Abstract
Advanced technologies have accelerated the collection and storage of unlabeled, high dimensional data, such as visual data. Manually annotating these large datasets is time-consuming and only a temporary solution as the annotation relates to a particular dataset. Machine learning algorithms are capable of managing and analysing this large volume of data. However, due to high-dimensionality, traditional clustering techniques are inadequate.
In this thesis, we aim to overcome the insight of traditional clustering methods by proposing a two-phase training deep framework. The first phase consists of a generative adversarial network (GAN) used as a feature extraction pipeline. To improve GAN's capacity, we introduced pre-defined kernel filters that encourage identifying visual edges. The second phase deploys an auxiliary classifier which clusters the extracted features. Although the proposed framework demonstrates promising results, the two-phase training increases the computation burden and the number of hyper-parameters.

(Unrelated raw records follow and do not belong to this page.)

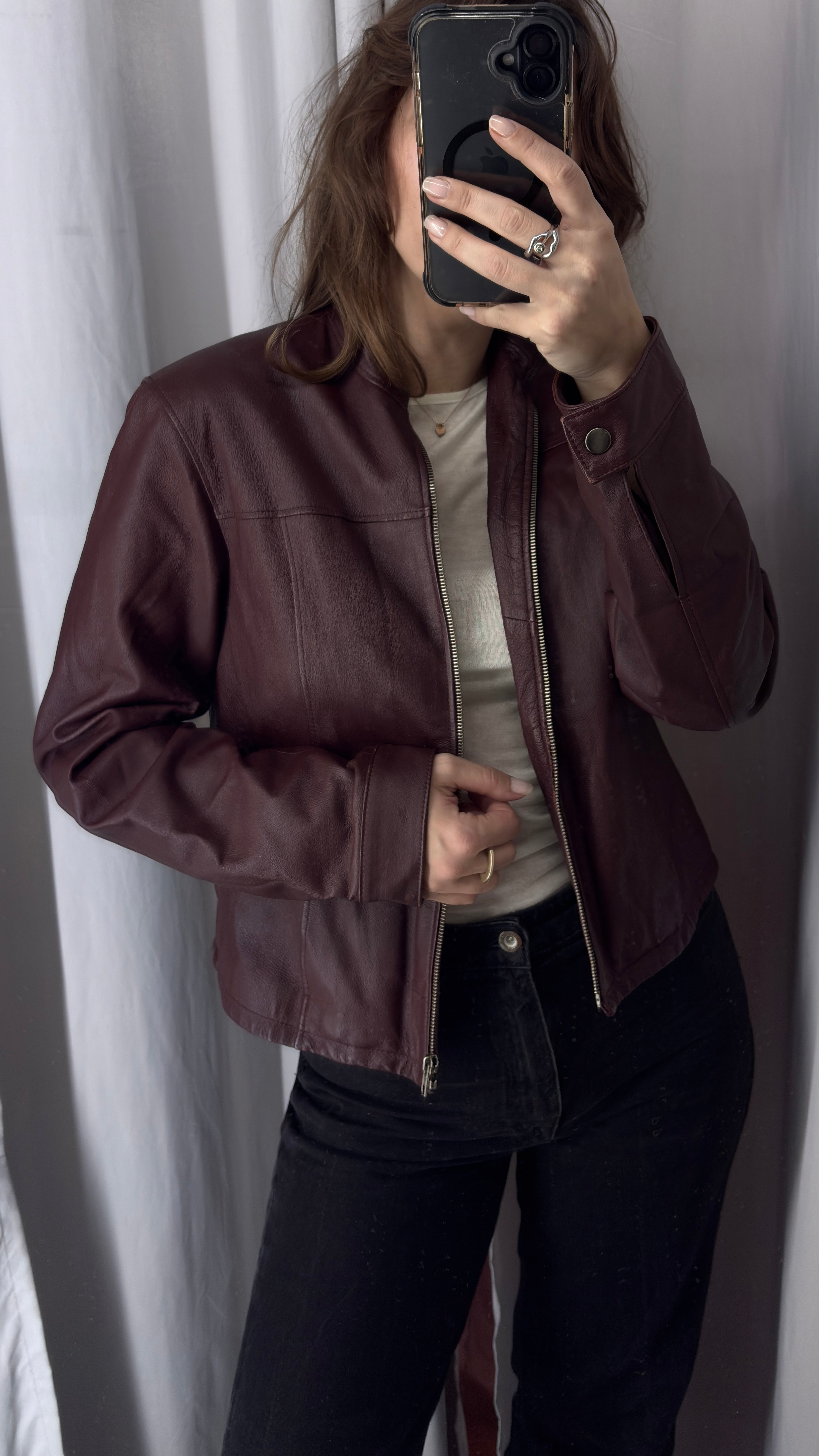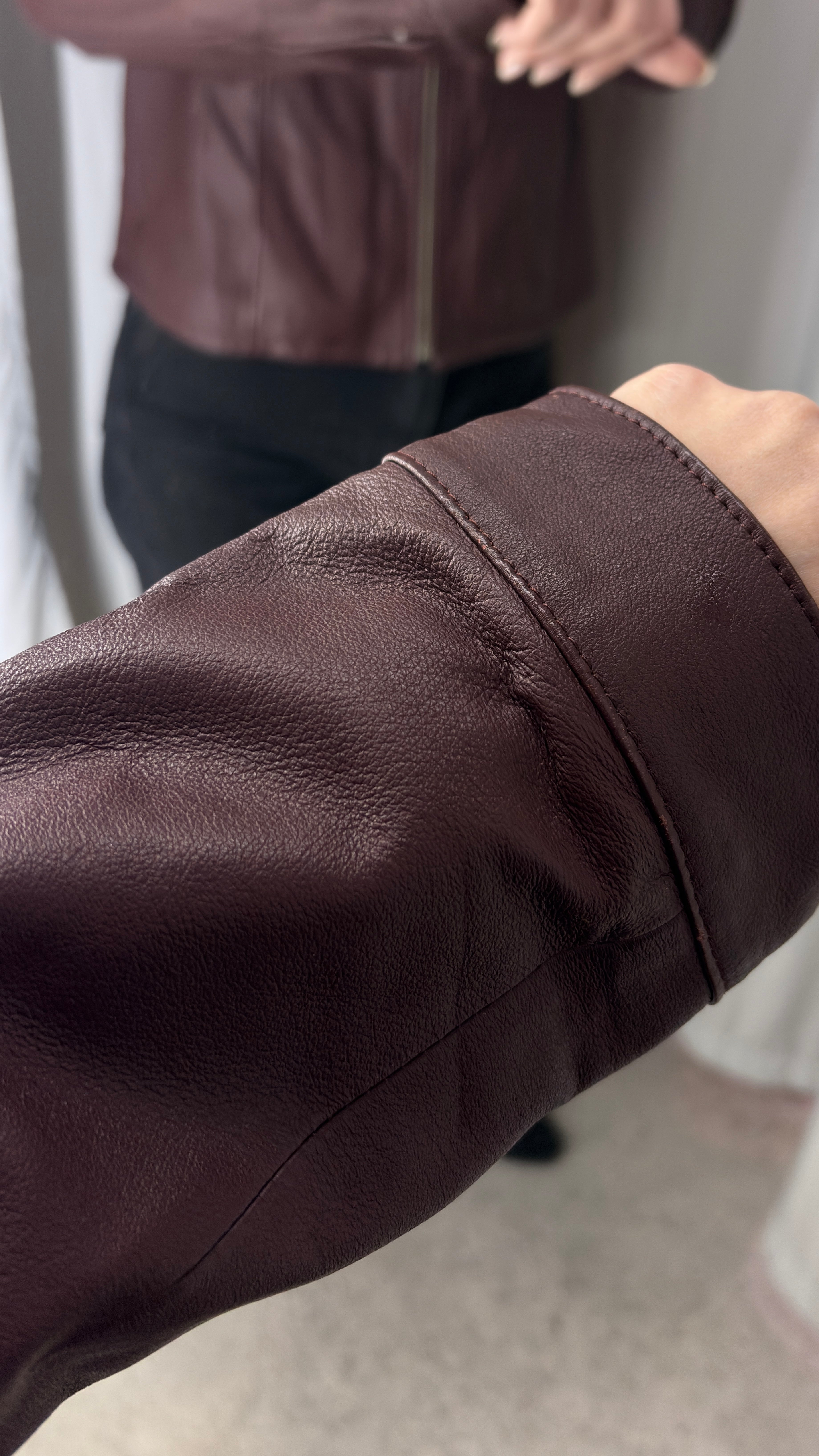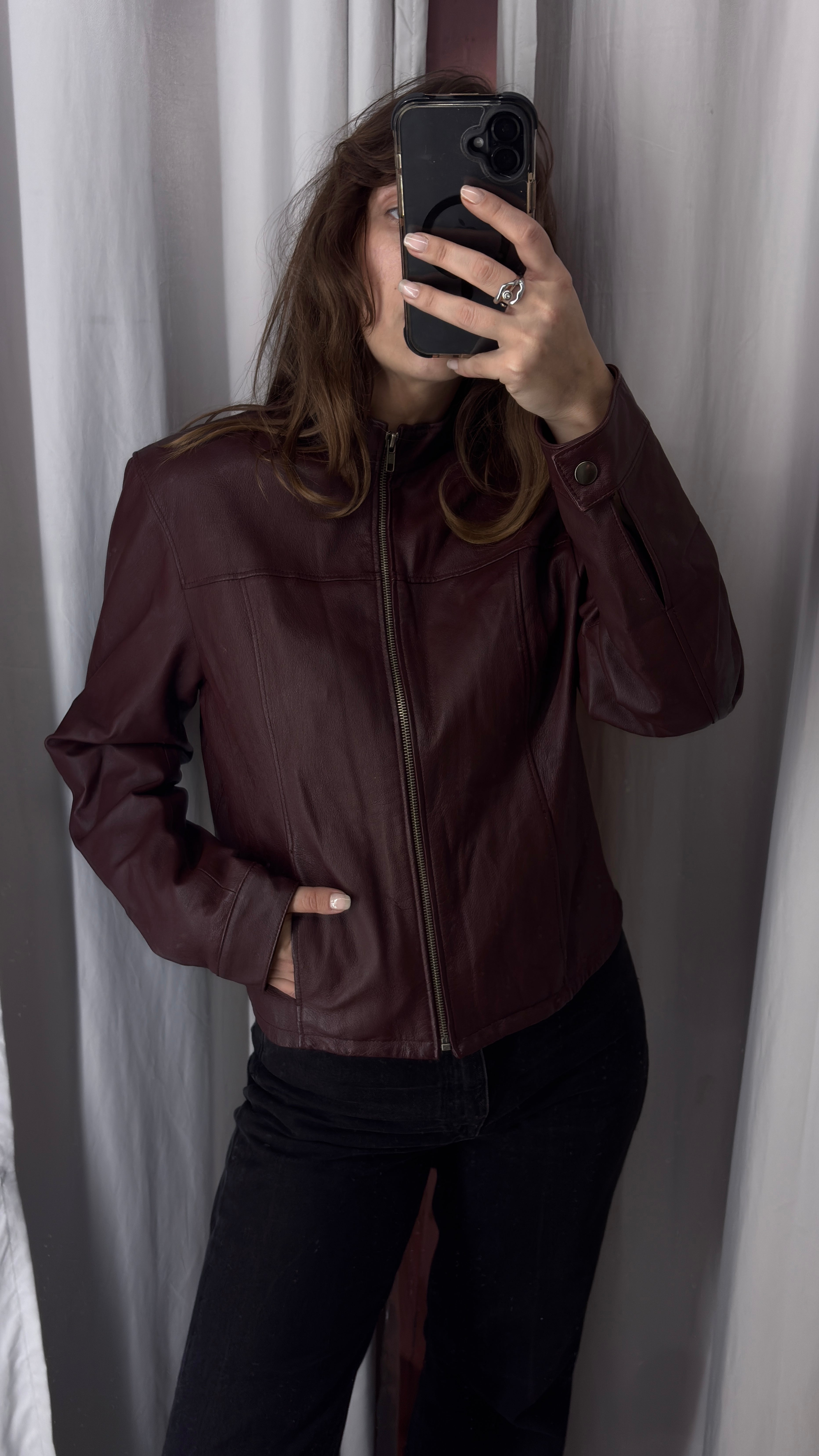 Burgundy leather biker jacket
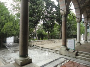 The soup kitchen (imaret) of the Haseki Hürrem Sultan Külliyesi had been been under renovation and off limits in 2013. The garden was a construction zone then. Now it was green and landscaped, but I still couldn’t get in. The sign outside called it the Haseki Abdurrahman Gürses Eğitim Merkezi. Haseki was the title of the chief consort of the Sultan, and Hürrem, a.k.a. Roxelana, was apparently the first to hold this title. I don’t know who Abdurrahman Gürses was or is. Eğitim Merkezi is “teaching center”; but whether the teaching is of anything ennobling or at least useful, I do not know.
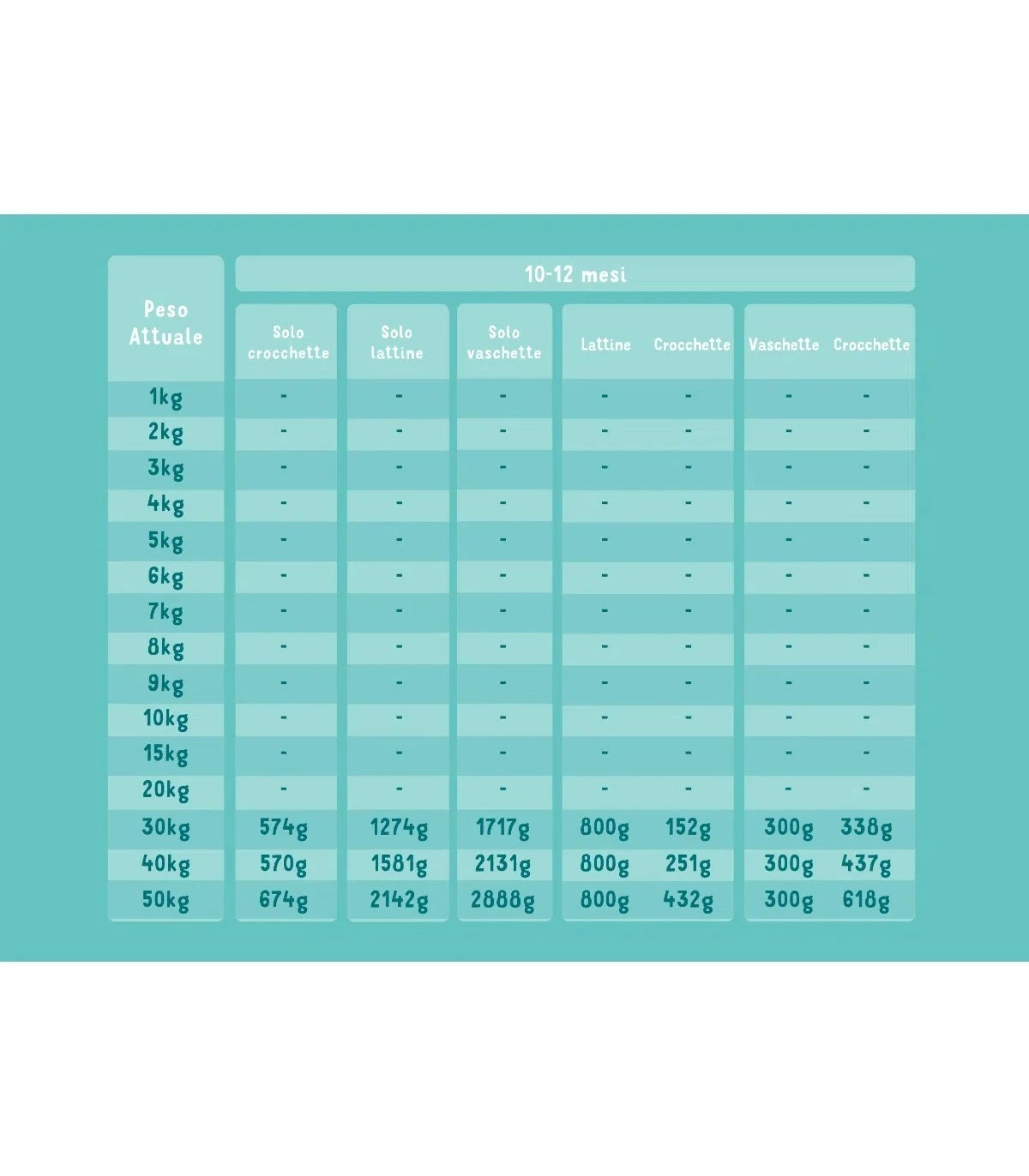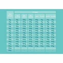 Vedi tabelle nelle immagini. Troverai indicazioni di dosaggio per cuccioli da 0 a 12 mesi d’età .

Therefore, we develop an innovative deep clustering framework capable to be optimised in a single-phase training. The GAN module is replaced with a grouping-based self-supervised learning (SSL) strategy, and by leveraging its learning process, clustering is achieved in real-time with the incorporation of mutual information as an objective function. Despite the significant high accuracy that this framework develops, the SSL strategy implements transformation schemes exclusively in visual data.
To address this constraint, our last work focuses on developing a generic SSL method without the requirement for the definition of an explicit transformation scheme in particular datasets. To accomplish this task, an internal transformation mechanism is introduced where its formulation is not limited to specific data types and can be widely applied to visual, audio, text, or mass spectrometry data.
All our proposed frameworks are evaluated with detailed ablation studies, compared with the latest state-of-the-art methods, and demonstrate high clustering precision and representation learning for a broad range of datasets.